Set the (keyword only) parameters

setPollingDelay(value)[source]
Parameters:

pollingDelay – number of milliseconds to wait between polling

setSlidingWindow(value)[source]
Parameters:

slidingWindow – An optional field, indicates how many history points will be used to determine the anomaly score of one subsequent point.

setStartTime(value)[source]
Parameters:

startTime – A required field, start time of data to be used for detection/generating multivariate anomaly detection model, should be date-time.

setSubscriptionKey(value)[source]
Parameters:

subscriptionKey – the API key to use

setSubscriptionKeyCol(value)[source]
Parameters:

subscriptionKey – the API key to use

setSuppressMaxRetriesException(value)[source]
Parameters:

suppressMaxRetriesException – set true to suppress the maxumimum retries exception and report in the error column

setTimestampCol(value)[source]
Parameters:

timestampCol – Timestamp column name

setUrl(value)[source]
Parameters:

url – Url of the service

slidingWindow = Param(parent='undefined', name='slidingWindow', doc='An optional field, indicates how many history points will be used to determine the anomaly score of one subsequent point.')
startTime = Param(parent='undefined', name='startTime', doc='A required field, start time of data to be used for detection/generating multivariate anomaly detection model, should be date-time.')
subscriptionKey = Param(parent='undefined', name='subscriptionKey', doc='ServiceParam: the API key to use')
suppressMaxRetriesException = Param(parent='undefined', name='suppressMaxRetriesException', doc='set true to suppress the maxumimum retries exception and report in the error column')
timestampCol = Param(parent='undefined', name='timestampCol', doc='Timestamp column name')
url = Param(parent='undefined', name='url', doc='Url of the service')

Module contents

SynapseML is an ecosystem of tools aimed towards expanding the distributed computing framework Apache Spark in several new directions.
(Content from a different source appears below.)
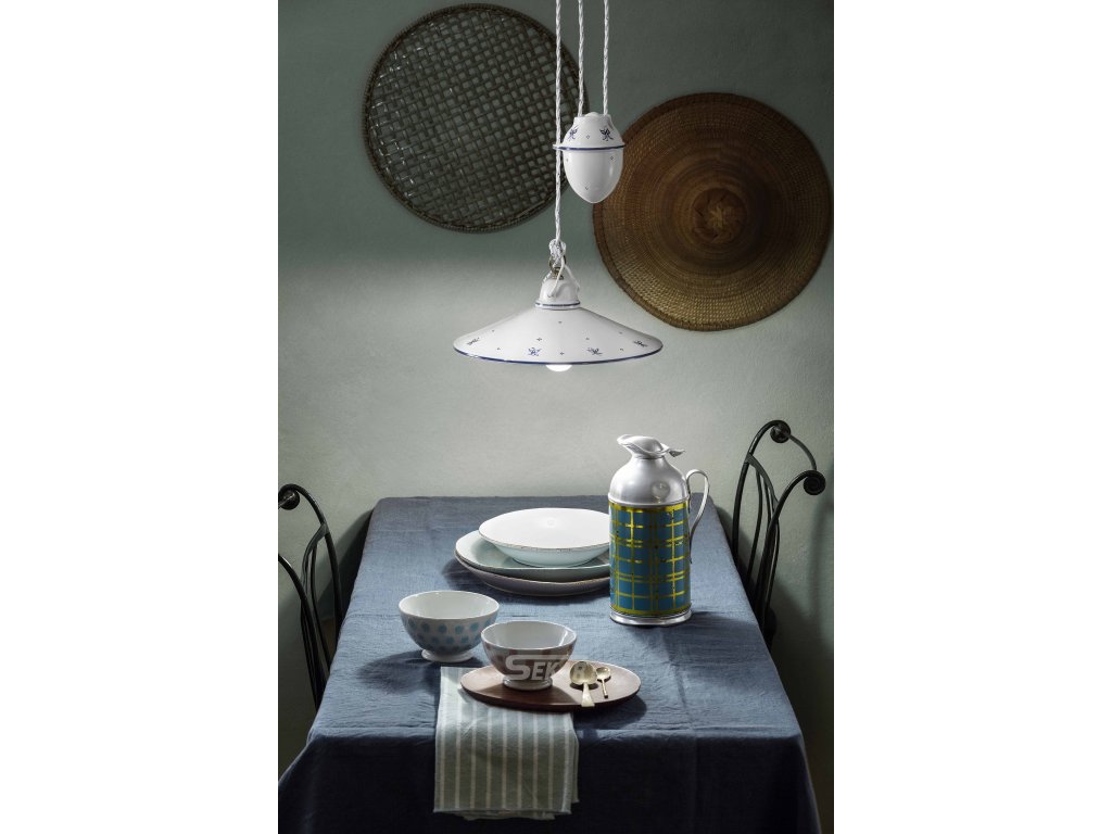 Ručně malované dekory jsou vždy pouze z jedné strany cylindru. Malování na obě strany je možné za příplatek. Svítidlo může být dodáno jak v základní bílé barvě glazury tak i s linkou na okraji, nebo zdobený dekoracemi. Barevnost a zdobení je potřeba zvolit v parametrech výrobku. Po zvolení parametrů bude vypočtena cena.

SynapseML adds many deep learning and data science tools to the Spark ecosystem, including seamless integration of Spark Machine Learning pipelines with Microsoft Cognitive Toolkit (CNTK), LightGBM and OpenCV. These tools enable powerful and highly-scalable predictive and analytical models for a variety of datasources.

SynapseML also brings new networking capabilities to the Spark Ecosystem. With the HTTP on Spark project, users can embed any web service into their SparkML models. In this vein, SynapseML provides easy to use SparkML transformers for a wide variety of Microsoft Cognitive Services. For production grade deployment, the Spark Serving project enables high throughput, sub-millisecond latency web services, backed by your Spark cluster.

SynapseML requires Scala 2.12, Spark 3.0+, and Python 3.6+.